От шеренги отделились двое крайних и в ногу промаршировали к сфинксу.
-- Кру-у-гом! -- пропел учитель.
Они повернулись и щелкнули каблуками.
-- Сми-и-иррно!
По обе стороны передних лап сфинкса стояли теперь навытяжку человеческие фигурки, и внезапно он приобрел неописуемую монументальность: несмотря на оббитую голову, в изваянии появилось нечто величественное, восточно-монархическое.
Я думал, дурацкая церемония на этом и кончится, но оказалось -- нет. Одуванчику подали сверток, и он оттуда извлек старый заржавленный автомат, из тех, что хранятся в школьных музеях как партизанские реликвии с просверленной для безопасности казенной частью ствола.
Одуванчик шагнул вперед и надел ремешок автомата одному из часовых на голову, тот при этом неловко вытянул шею и осторожно ею вращал, пока ремешок не занял премлемое положение. Последовала немая сцена, и за ней -- команда разойтись.
Что означало все это -- почетный ли караул, фактическую охрану или символический арест сфинкса -- никто ясно не представлял, да и Одуванчик, наверное, тоже; как бы там ни было, в течение следующих двух дней, от восхода и до заката, каждые четыре часа, происходила исправная смена караульных.

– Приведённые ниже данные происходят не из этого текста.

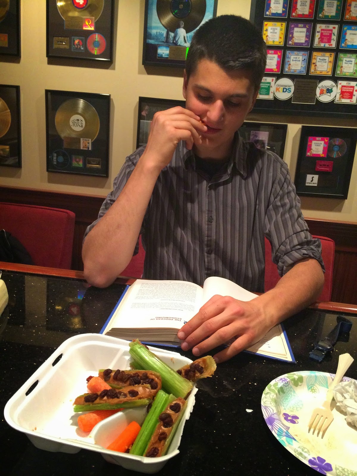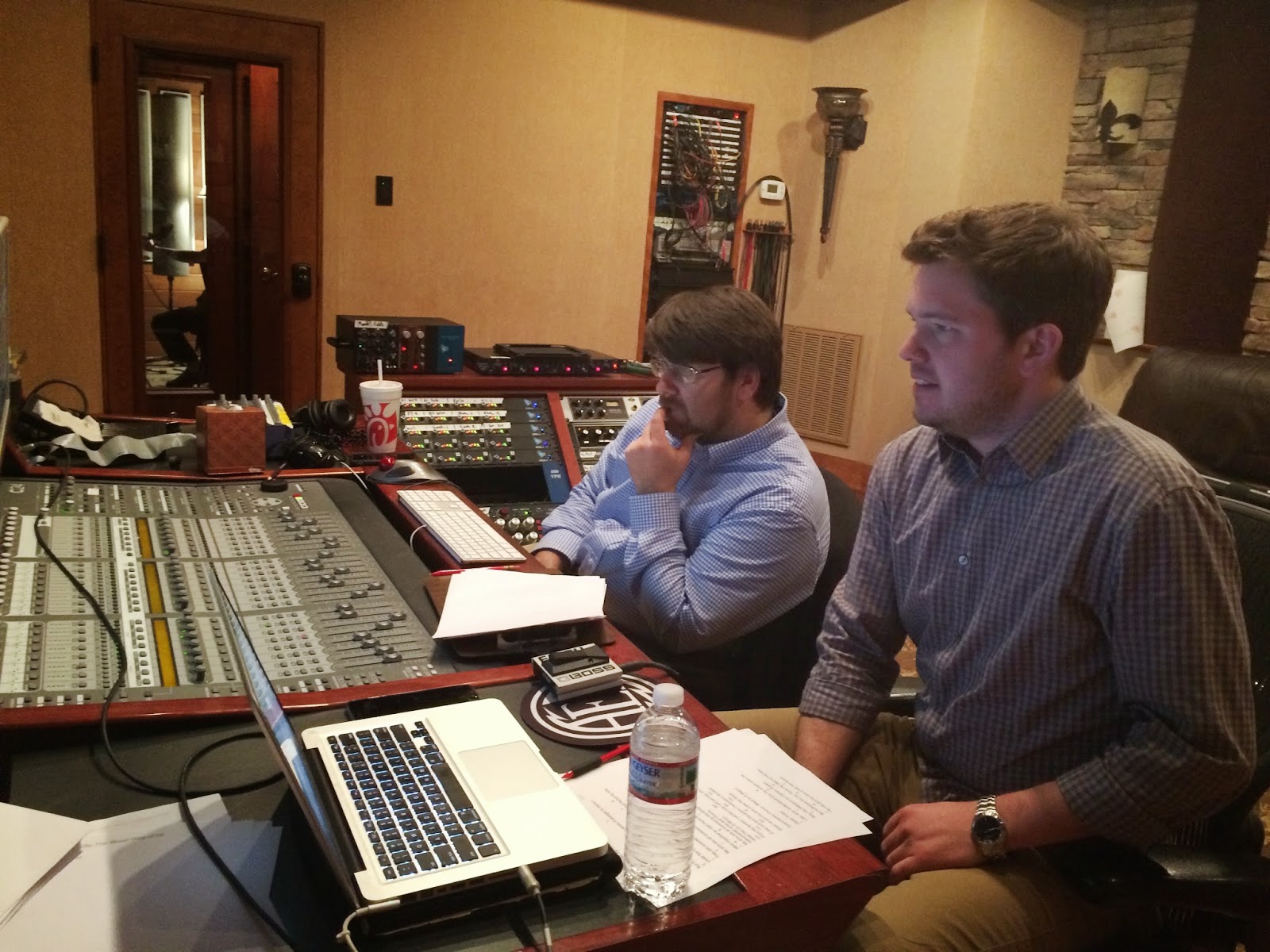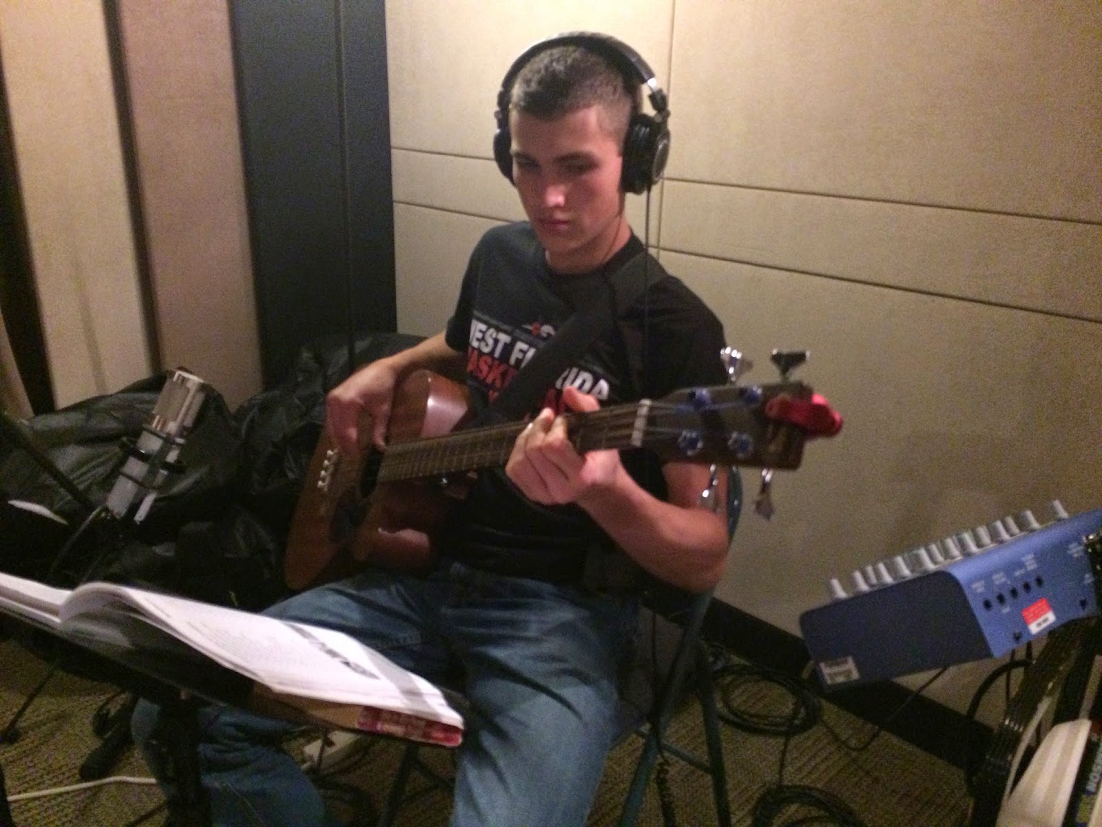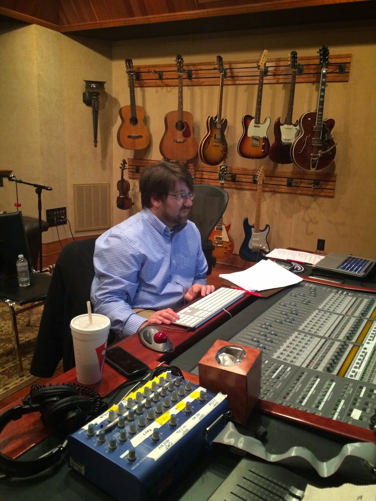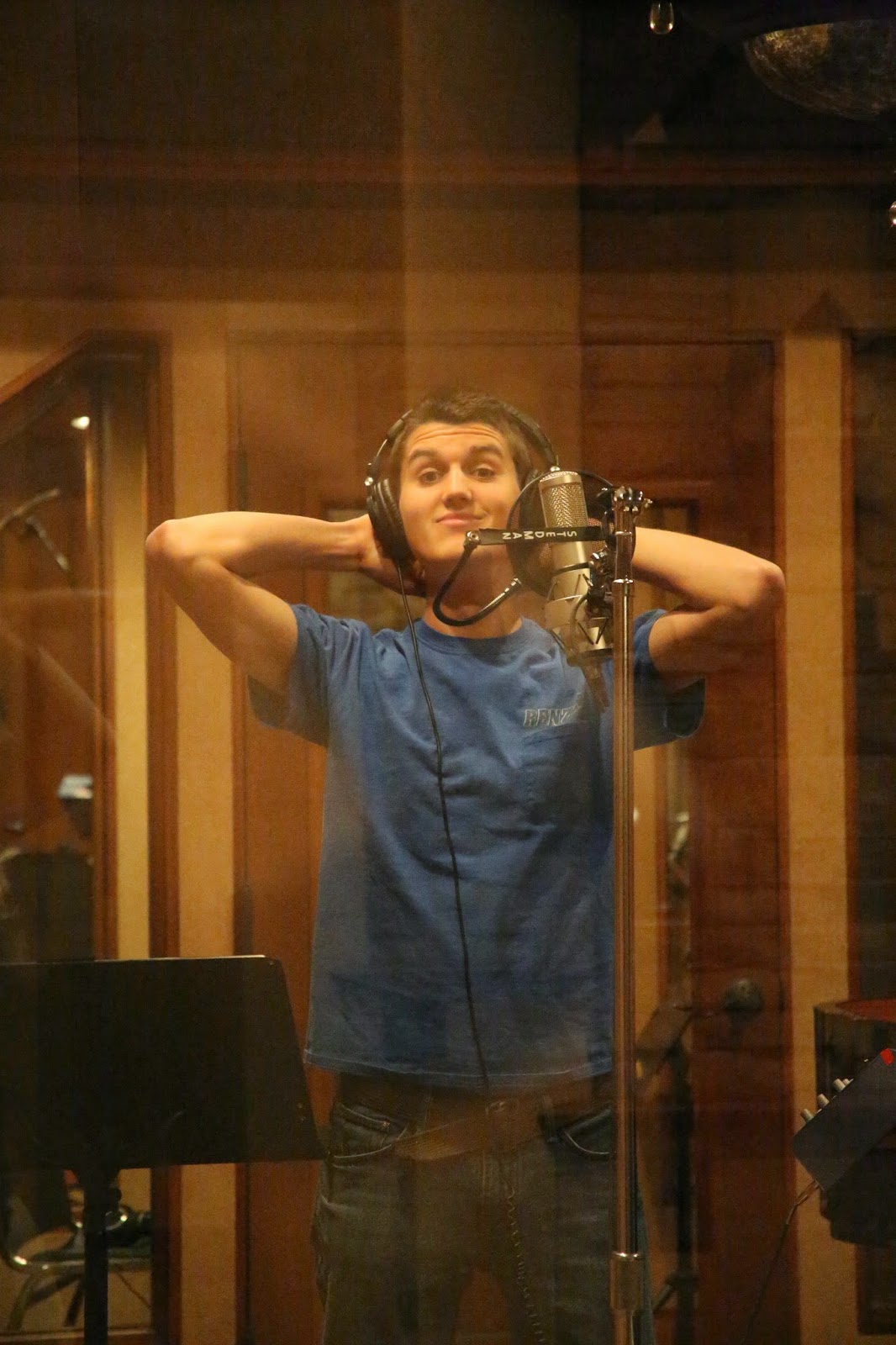 Carson….looking pretty serious! Carson is perhaps the best multi-tasker of all us instrumentalists! He was probably studying Spanish while he recorded his bass parts.:)

Забаве этой положили конец исследования жрецов карантина. Непостижимыми человеческому уму путями, сквозь стены лаборатории, через колючую проволоку ограды заставы, в город просачивались кое-какие сведения; таинственная культура шестьсот шестнадцать дробь два обрастала подробностями. Самая неприятная из них состояла в том, что никаких реальных средств борьбы с этим вирусом не имелось, а потому никакое лечение невозможно; в случае эпидемии предсказывалась смертность боле пятидесяти процентов, то есть выходило, эта болезнь хуже чумы. Погибал вирус при температуре выше ста градусов, и кипятить его бесполезно, храниться же, например, в земле, он способен сколько угодно, так что его можно хоть на звезды в ракете посылать, и с ним ничего не случится. Для животных он бнзопасен, хотя среди них распространяется легко, и теоретически возможно его использование в качестве биологического оружия. Казалось бы, в городе дожна бушевать ужасная эпидемия, и никто не мог объяснить, почему ее нет.
Так вот, оказалось, что в земле на кошачьей пустоши полно этого злополучного "дробь-два!, и еще раньше, чем лейтенант велел Одуванчику с его добровольцами оттуда убраться, все школьники сидели уже по домам, и мамаши их не отпускали от себя ни на шаг.
Сфинкс пребывал снова в полном одиночестве, и покой его не нарушали никакие звуки, кроме шелеста чахлых трав, да плеска и шуршания волн на морском песке.
И ровно через день сфинкс стал жертвой покушения, для общества оставшегося неразгаданным -- предположение, что это дело рук Одуванчика, отпадало сразу, ибо преступник обладал невероятной физической силой и действовал с маниакально, словно мстительной злобнстью. Орудовал он, скорее всего, тяжелой кувалдой: лапы, хвост, голова и правое плечо были отбиты полностью, в разных местах туловища зияли выбоины. Собственно, сфинкс существовать перестал -- от него сохранился бесформенный и безобразный обломок темного камня. Часть плит постамента была выворочена и разбита.
На публику это событие почему-то подействовало удручающе -- в нем видели упорное предзнаменование. Одуванчик имел скорбный вид и на все вопросы в ответ говорил одно и то же: нет, он не злорадствует, но оставить изваяние без охраны -безусловно, преступная халатность.
После этого лейтенант приставил на всякий случай к останкам сфинкса персонального часового; зная, что земля вокруг постамента заразная, тот, маясь бездельем, уныло ходил взад-вперед по пыльной дороге. Авторитет Одуванчика в городе с этих пор окончательно упрочился.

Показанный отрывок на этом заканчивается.